The problem with interpretation comes into play since majority of the data collected and used in the standards has been based on the large power transformers used by utilities. Power transformers are found in high voltage transmission applications typically above 38kV and typically 200MVA and above. While distribution transformers are rated less than 200MVA and designed for end-user connectivity.  The most common distribution transformers you’re likely to encounter are probably in the 38kV range with 480V secondaries. Along with size, capacity, and volume differences, the design of power and distribution transformer is different.  In power transformers the I2r losses are minimized for a specific power flow. The design efficiency of a distribution transformer is in the 50-70% load range while power transformers operate at 100%. The magnetic operating point of the core is a design consideration in power transformers which changes the core mass, and the flux density is higher. These differences must be taken into consideration when interpreting gas results and, as with most maintenance testing, the trend is the critical piece.

 

In addition, the type of insulating fluid used, such as Mineral Oil, Silicone, or Natural Ester, have different standards and allowable levels change dramatically; and the result must be interpreted accordingly.  Blindly applying the standards without a thorough understanding of the differences often contributes to misleading results.
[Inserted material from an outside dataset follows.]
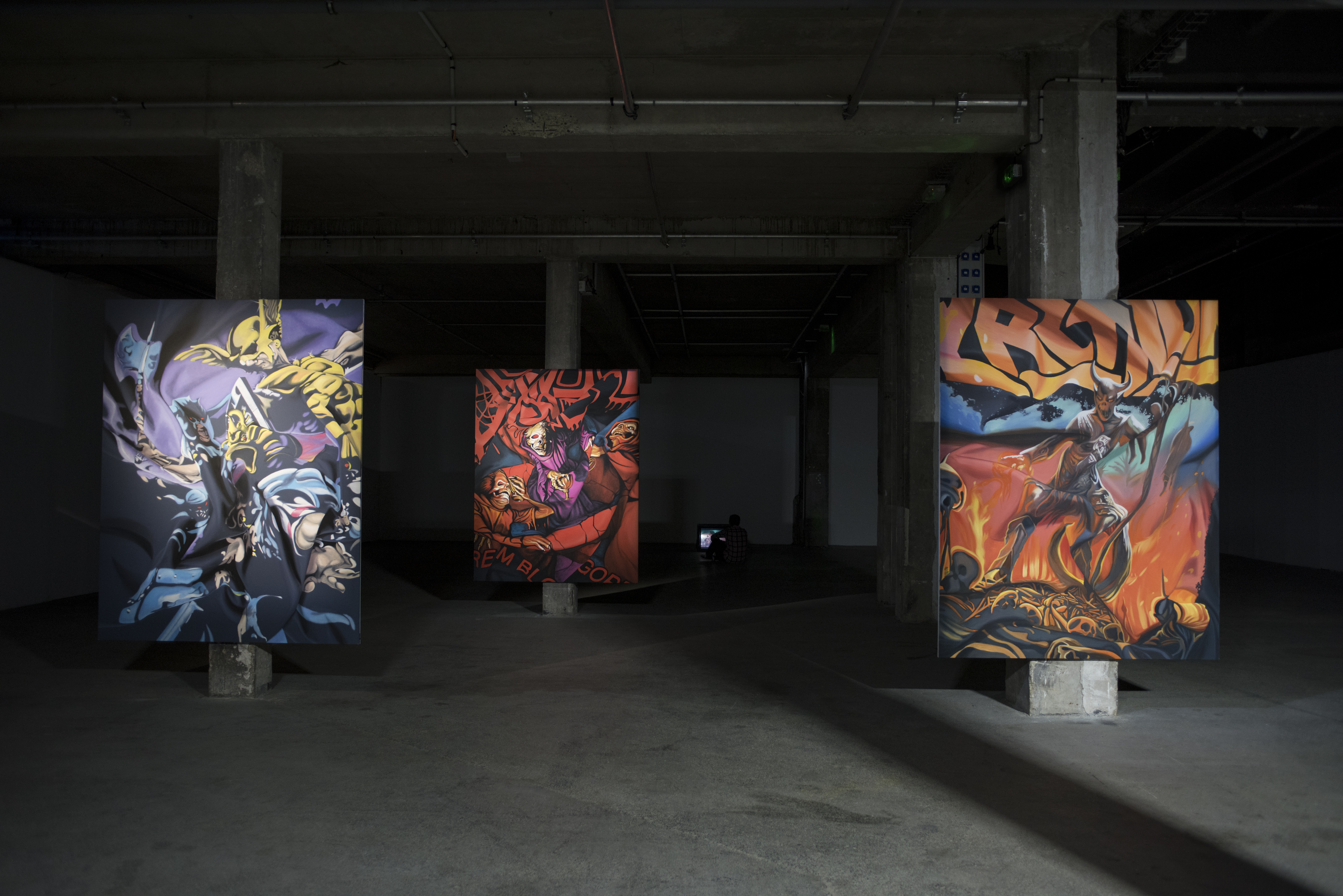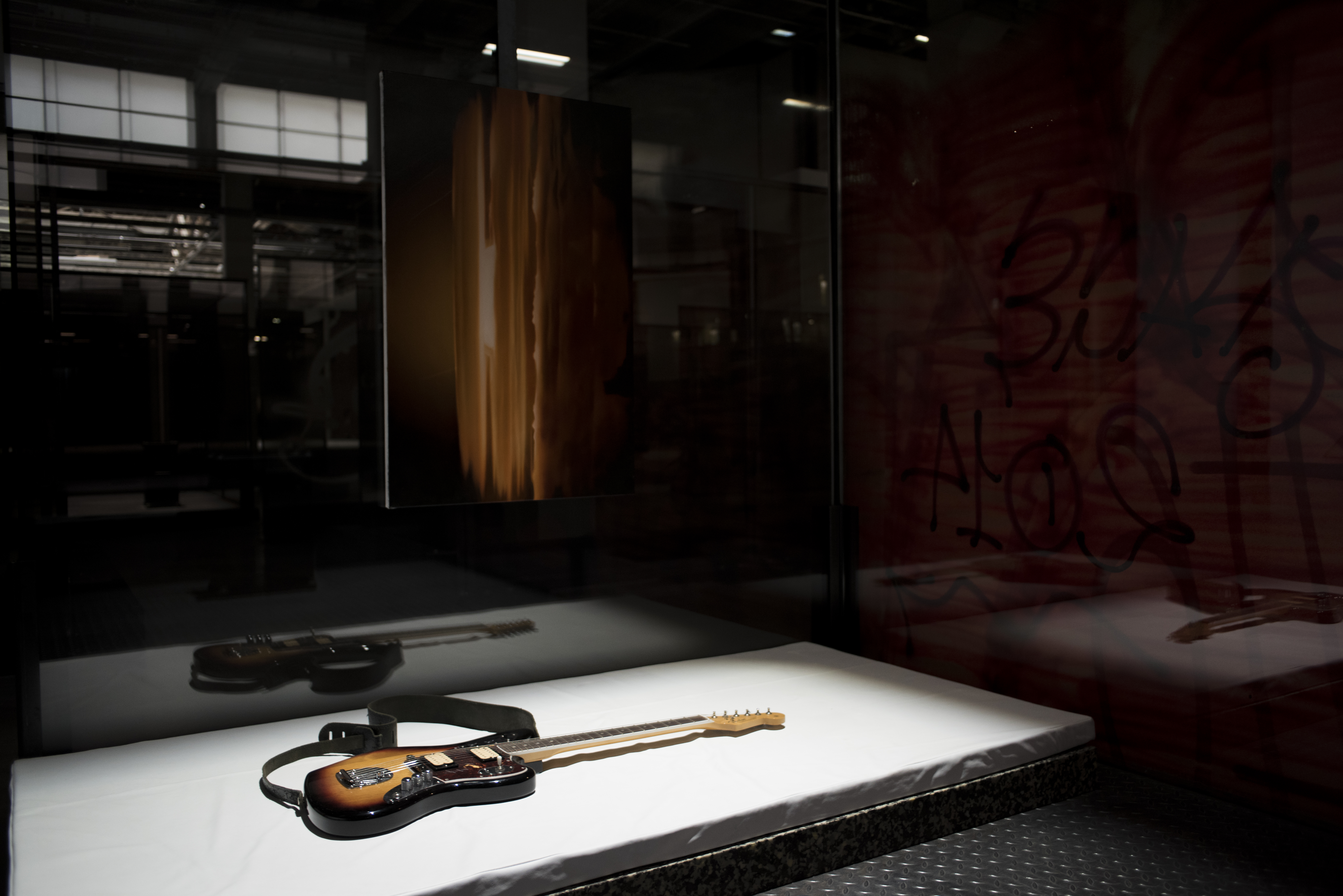 As part of her intervention of the exhibition space, Imhof stripped the walls and ceilings, exposing the concrete columns and revealing the museum’s underlying structure. By peeling away the layers of its history and returning it to a state of modern ruin, Imhof turns the art institution into an aesthetic extension of her work. The show recreates a post-industrial atmosphere that is reminiscent of nightclubs in Berlin and the abandoned liminal urban spaces which outsiders inhabit. The museum becomes a ‘complex’ of activities and passivities, reflective of the disparate forms of sociability and communication— a space where thought and desire are integrated and mirrored back to the audience.

For example, while the C02/C0 ratio can be an indication of thermal decomposition. As a rule, if the individual concentrations are below 5000/500ppm, the results are thought to be less significant. When properly applied, a ratio below 3 may indicate ageing of insulation by arcing, while a ratio above 10 is indicative of cellulose ageing from thermal heating. Results should be viewed as part of composite analysis and are not individually indicative of a problem.

 

Moisture content, Interfacial Tension, and Dielectric strength, along with color, total gas, and the analysis of specific gases provide a picture of what may be occurring inside the transformer. Looking at CO and CO2 gases found in oil which originate from the oxidation of cellulose insulation over time can show if the transformer is aging naturally or if there is accelerated insulation break down occurring due to thermal decomposition. Combustible gases like hydrogen (H2), methane (CH4), acetylene (C2H2), ethylene (C2H4), and ethane (C2H6) are generated by thermal process and increases over time, and in the rate of change, can indicate potential problems are developing. Interpreting the results, requires an understanding of the testing procedures, loading and operating conditions of the transformer, the proper application of the standards and experience in analyzing the results. DGA becomes another maintenance test most plant and facilities professional do not have time to devote to developing the expertise in.  By partnering with an experienced testing company, with expertise in this area, means you have one more tool in the testing arsenal and one less headache.   

 

To summarize, for distribution transformers while Dissolved Gas Analysis (DGA) is a useful tool, the test is not conclusive, and the results are only useful to identify trends and provide insight into a transformer’s operating condition. Interpreting the results requires expertise to be understood and properly analyzed. In other words, DGA is simply one of the tools which, when combined with physical testing: Winding Resistance, TTR, Power Factor, Excitation Current, etc., provides data to develop a collective picture of transformer health.